Esses dados são então integrados em um banco de dados central, em que são analisados e processados por algoritmos desenvolvidos especificamente para identificar padrões imunológicos.
A segunda etapa crucial é a construção do modelo computacional.
O modelo é a representação matemática do sistema imunológico, que inclui diversas variáveis e parâmetros biológicos.
O desafio é garantir que o modelo seja suficientemente complexo para capturar a dinâmica real do sistema imunológico, mas também eficiente o bastante para ser executado em um computador em tempo hábil.
“O legal do software é facilitar o primeiro contato do aluno com a modelagem computacional. A gente usa um código em Python e, quando o aluno abre os códigos, ele também consegue aprender como aquela simulação foi pensada no modelo computacional”, explica o professor.
“Depois que o modelo estiver implementado e testado, é possível fazer simulações e verificar os resultados. Um de nossos testes foi utilizando um modelo baseado na covid-19, construído a partir de dados da epidemia e de anticorpos de pacientes graves e moderados”, completou.
Uma vez construído o modelo, a fase de simulação permite que os pesquisadores testem várias hipóteses sobre como o sistema imunológico responderá a diferentes tipos de infecções ou tratamentos.
Esses testes de simulação são vitais para identificar potenciais problemas e ajustar tratamentos antes de serem aplicados clinicamente.
Aplicabilidade do sistema
Outro aspecto inovador do projeto é a capacidade de personalização.
Cada paciente tem um perfil imunológico único, e o software desenvolvido pelo pesquisador permite a criação de modelos personalizados que levam em conta essas diferenças individuais.
É possível prever com maior precisão como um tratamento específico funcionará para um paciente em particular, melhorando significativamente a eficácia das terapias e reduzindo o risco de efeitos colaterais.
A aplicação prática desse software é vasta.

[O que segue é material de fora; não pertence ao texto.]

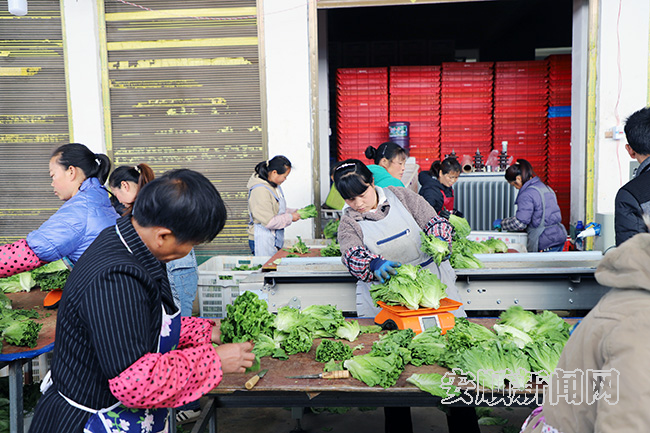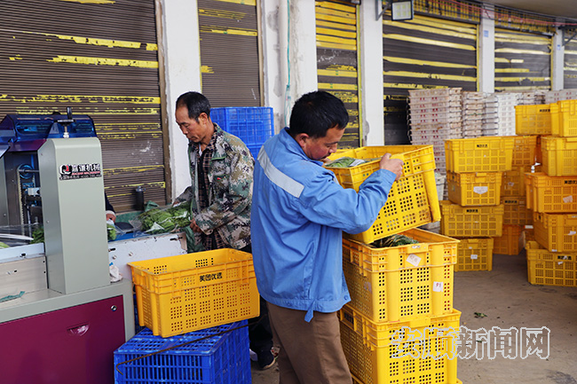 4月25日,记者来到普定县白岩镇中心社区,在贵州爱闯农业机械有限公司的蔬菜生产车间看到,工人们正有条不紊地分工合作,将刚刚从蔬菜基地运来的新鲜蔬菜经过分拣、称重、包装、装箱等程序,然后搬运上货车,通过美团优选线上平台销往我市各个地方。
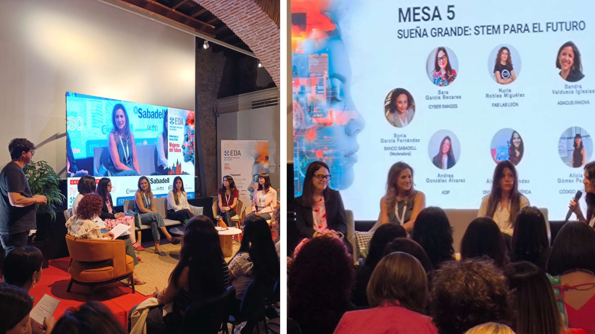 El Congreso EDA (Empresarias y Directivas del Atlántico) se celebró en esta ocasión en León de la mano de Asele (Asociación de Mujeres Empresarias y Directivas de León). Buscaban respuestas a uno de los retos del siglo XXI: la baja representación de mujeres en los sectores científicos-tecnológicos. Contaron con Nuria para una de las mesas redondas titulada ‘Sueña grande: STEM para el futuro’. Entre el público estaban algunas de nuestras alumnas y también Laura González Llamazares, que había participado por la mañana en otra mesa.
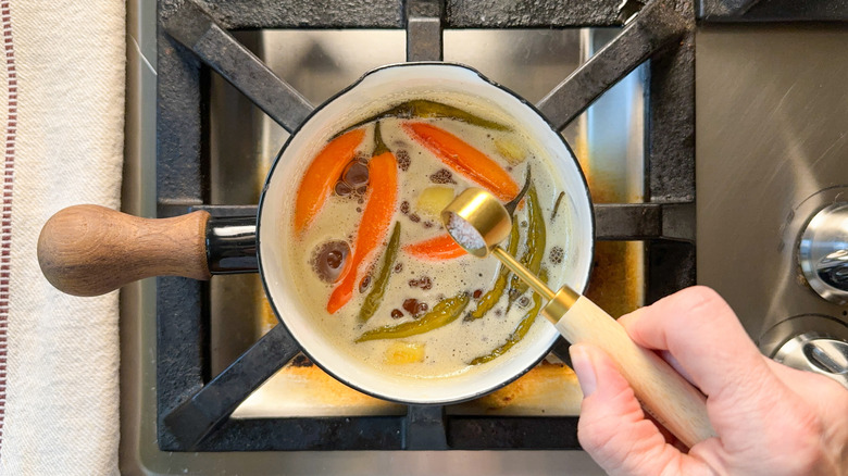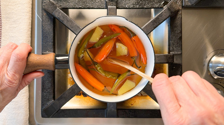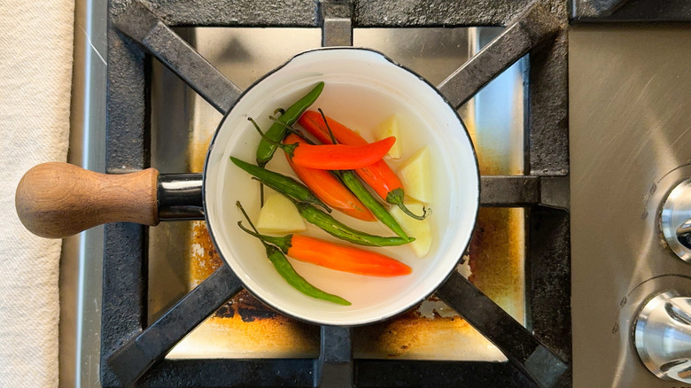 - Add the chiles, ginger, and vinegar to a small saucepan and bring to a boil over medium-high heat.

Na medicina preventiva, ele pode ser utilizado para identificar indivíduos com maior risco de desenvolver determinadas doenças.
Em oncologia, pode ajudar a personalizar tratamentos de imunoterapia, que são altamente eficazes, mas também complexos e caros. Além disso, o software pode ser uma ferramenta valiosa em pesquisas sobre doenças infecciosas.
O projeto de Pigozzo também promove uma colaboração interdisciplinar, reunindo especialistas em Biologia, Ciência da Computação, Estatística e Medicina.
Essa abordagem colaborativa é essencial para enfrentar os desafios complexos da modelagem do sistema imunológico e garantir que os modelos computacionais sejam precisos e aplicáveis em contextos clínicos reais.